Nonetheless, many readers (including my editor), equally adherent to what they regarded as the standard order of operations, strenuously insisted the right answer was 1. What was going on? After reading through the many comments on the article, I realized most of these respondents were using a different (and more sophisticated) convention than the elementary PEMDAS convention I had described in the article.
In this more sophisticated convention, which is often used in algebra, implicit multiplication is given higher priority than explicit multiplication or explicit division, in which those operations are written explicitly with symbols like × * / or ÷. Under this more sophisticated convention, the implicit multiplication in 2(2 + 2) is given higher priority than the explicit division in 8÷2(2 + 2). In other words, 2(2+2) should be evaluated first. Doing so yields 8÷2(2 + 2) = 8÷8 = 1. By the same rule, many commenters argued that the expression 8÷2(4) was not synonymous with 8÷2×4, because the parentheses demanded immediate resolution, thus giving 8÷8 = 1 again.
The implicit multiplication in this case may be appropriate because the presence of the parentheses without any intervening arithmetic operator or additional sets of parentheses to clarify otherwise, indicates that the distributive property of multiplication should be applied to this portion of the problem, where the 2 outside the parentheses is part of that grouping within the problem and should be processed along with the math inside the parentheses.
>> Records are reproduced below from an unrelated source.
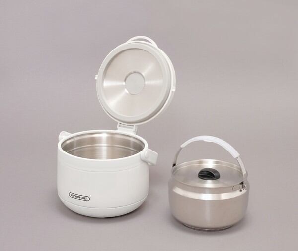 ●材料を入れた調理鍋を火にかけ沸騰した後、調理鍋ごと保温容器に入れるだけで余熱調理ができる保温調理鍋です
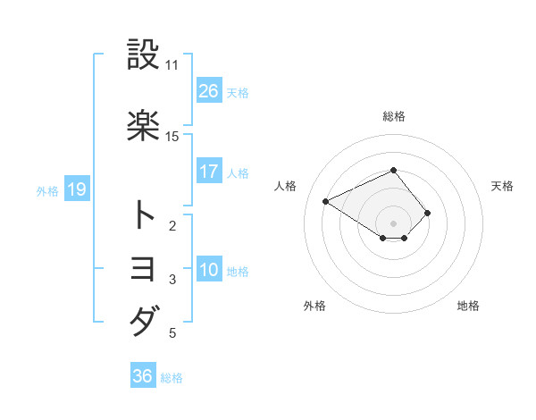 設楽 トヨダさんを姓名の画数から五運を鑑定
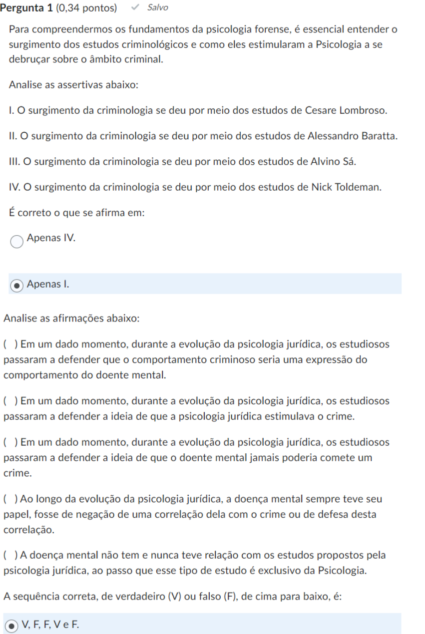 <p>Pergunta 1 (0,34 pontos) Salvo Para compreendermos os fundamentos da psicologia forense, é essencial entender o surgimento dos estudos criminológicos e como eles estimularam a Psicologia a se debruçar sobre o âmbito criminal. Analise as assertivas abaixo: I. surgimento da criminologia se deu por meio dos estudos de Cesare Lombroso. II. surgimento da criminologia se deu por meio dos estudos de Alessandro Baratta. III. surgimento da criminologia se deu por meio dos estudos de Alvino IV. surgimento da criminologia se deu por meio dos estudos de Nick Toldeman. É correto o que se afirma em: Apenas IV. Apenas I. Analise as afirmações abaixo: ( ) Em um dado momento, durante a evolução da psicologia jurídica, os estudiosos passaram a defender que o comportamento criminoso seria uma expressão do comportamento do doente mental. ( ) Em um dado momento, durante a evolução da psicologia jurídica, os estudiosos passaram a defender a ideia de que a psicologia jurídica estimulava o crime. ( ) Em um dado momento, durante a evolução da psicologia jurídica, os estudiosos passaram a defender a ideia de que o doente mental jamais poderia comete um crime. ( ) Ao longo da evolução da psicologia jurídica, a doença mental sempre teve seu papel, fosse de negação de uma correlação dela com o crime ou de defesa desta correlação. ( ) A doença mental não tem e nunca teve relação com os estudos propostos pela psicologia jurídica, ao passo que esse tipo de estudo é exclusivo da Psicologia. A sequência correta, de verdadeiro (V) ou falso (F), de cima para baixo, é: V, F, F, V e F.</p><p>A psicologia enquanto ciência deve ser considerada a partir do conjunto de diferentes linhas teóricas, que podem ter enfoque em diferentes conhecimentos, concebidos da própria psicologia ou de outras ciências. Considerando o trecho acima, avalie as asserções a seguir e a relação proposta entre elas. I. A psicodinâmica analisa a mente humana a partir dos conhecimentos das ciências biológicas; PORQUE II. a psicodinâmica estuda o conjunto de fatores de natureza mental e emocional que interagem entre si. A respeito dessas asserções, assinale a opção correta: As asserções e II são proposições falsas. As asserções e II são proposições verdadeiras, e a II é uma justificativa correta da I. A asserção é uma proposição falsa, e a é uma proposição verdadeira. Com base no trecho acima, analise as afirmativas que seguem com base na fase pré- científica: ( ) Os considerados "loucos" eram condenados e retirados das ruas e colocados em prisões como presos comuns. ( ) Os considerados "loucos" eram condenados e retirados das ruas e colocados nas Santas Casas de Misericórdia. ( ) A concepção de loucura depende das normas e dos costumes da sociedade vigente. ( ) Conceituar uma pessoa como "louca" era completamente proibida na fase pré- científica. ( ) A concepção de loucura surgiu antes da fase científica da psicologia. A sequência correta, de verdadeiro (V) ou falso (F), de cima para baixo, é: F, V, V, F, V.</p><p>A investigação de fatores biológicos não é a única forma de abordar a psicologia. Teóricos como Sigmund Freud se debruçaram sob outras formas, as quais merecem destaque nos estudos acerca do panorama geral da psicologia enquanto ciência. Com base no trecho acima, analise as afirmativas a seguir: I. A psicodinâmica leva em consideração a interação entre fatores de ordem emocional e mental. II. método freudiano de psicoterapia está ancorado na exploração do inconsciente. III. A psicanálise encontra terreno onde a consciência não impera no sujeito. IV. A psicodinâmica tem como maior expressão a abordagem cognitivo comportamental. É correto o que se afirma em: I, II e III. II III. II, III e IV. ( ) Exemplo da atuação interdisciplinar da psicologia forense e do serviço social é o trabalho destes campos de estudo em processos de adoção. ( ) Exemplo da atuação interdisciplinar da psicologia forense e do serviço social é o trabalho destes campos de estudo em processos de destituição do poder familiar. ( ) A atuação interdisciplinar da psicologia forense e do serviço social ocorre apenas nos casos criminais, pois os demais não demandam esses campos de conhecimento. ( ) A atuação interdisciplinar da psicologia forense e do serviço social se limita ao aconselhamento dos assessores dos magistrados. ( ) Exemplo da atuação interdisciplinar da psicologia forense e do serviço social é o trabalho destes campos de estudo em processos de alienação parental. A sequência correta, de Verdadeiro (V) ou Falso (F), de cima para baixo, é: V, V, F. F e F. F. V, F e V. V, F, F e V. F, F e V.</p><p>Pergunta 7 (0,34 pontos) Salvo Visando refletir sobre todas as possibilidades que emergem da união entre o Direito e a Psicologia, é importante saber que parte dos teóricos defendem a existência da psicologia jurídica em três dimensões, sendo elas: psicologia no real, psicologia em tese mítica e psicologia fática. psicologia da análise, psicologia da aplicação e psicologia da ponderação. psicologia no campo forense, psicologia na seara jurídica e psicologia judicante. a psicologia do direito, a psicologia no direito e a psicologia para o direito. psicologia da análise. psicologia da aplicação e psicologia da ilusão. A psicologia possui íntima relação com o Direito Penal, na medida em que é definitiva para, por exemplo, a definição de da punibilidade e da imposição de medidas restritivas que não são consideradas penas. As pessoas com patologias psíquicas: podem ser consideradas inimputáveis, não podendo existir a imposição de penas. serão penalizadas com as denominadas medidas de segurança. nunca poderão ser presas, desde que apresentem um laudo que atestem a patologia. são tratadas da mesma forma que o denominado "homem são totalmente desconsideradas para fins de penalização, não respondendo a processos.
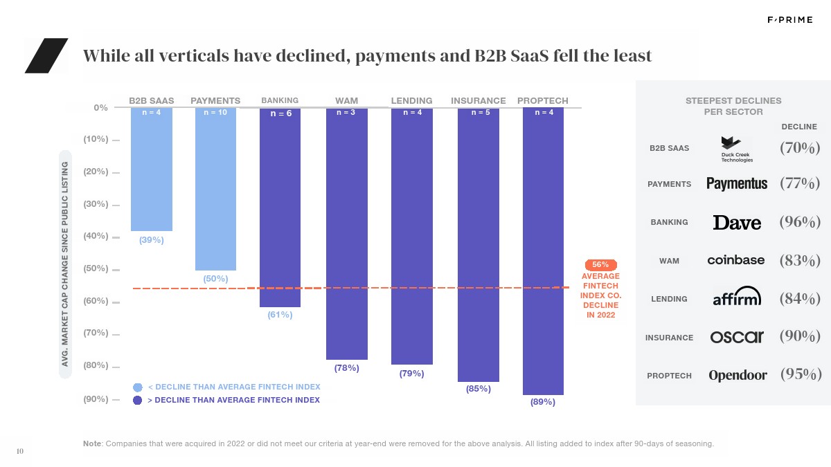 但是,在2022年,公众投资者通过优先考虑资本效率,并将其估值倍数从SaaS转向传统金融服务业务,重新评估了许多金融科技公司。

To see how that works, let's substitute variables for the numbers in the problem:
a ÷ b(c+d)
For the implicit multiplication, we effectively assume a second set of parentheses contains this portion of the math:
a ÷ (b(c+d))
We would then apply the distributive property of multiplication to obtain the following result, which removes the innermost set of parentheses:
a ÷ (bc+bd)
When we substitute the values for the letters back into this problem and then perform the math inside the parentheses according to the explicit order of operations, we will get 1 as the result.
But should we have to rely on this kind of implicit understanding for processing the math in this problem? Whoever wrote the math presented in this tweet could have saved anyone tasked with doing the math a lot of time and trouble if they had simply included an additional set of parentheses to clarify their intent.
Strogatz makes that exact argument:
Much as we might prefer a clear-cut answer to this question, there isn’t one. You say tomato, I say tomahto. Some spreadsheets and software systems flatly refuse to answer the question — they balk at its garbled structure. That’s my instinct, too, and that of most mathematicians I’ve spoken with. If you want a clearer answer, ask a clearer question.
Would it really be so hard to add additional sets of parentheses or brackets to the problem to better clarify how the order of operations should be applied?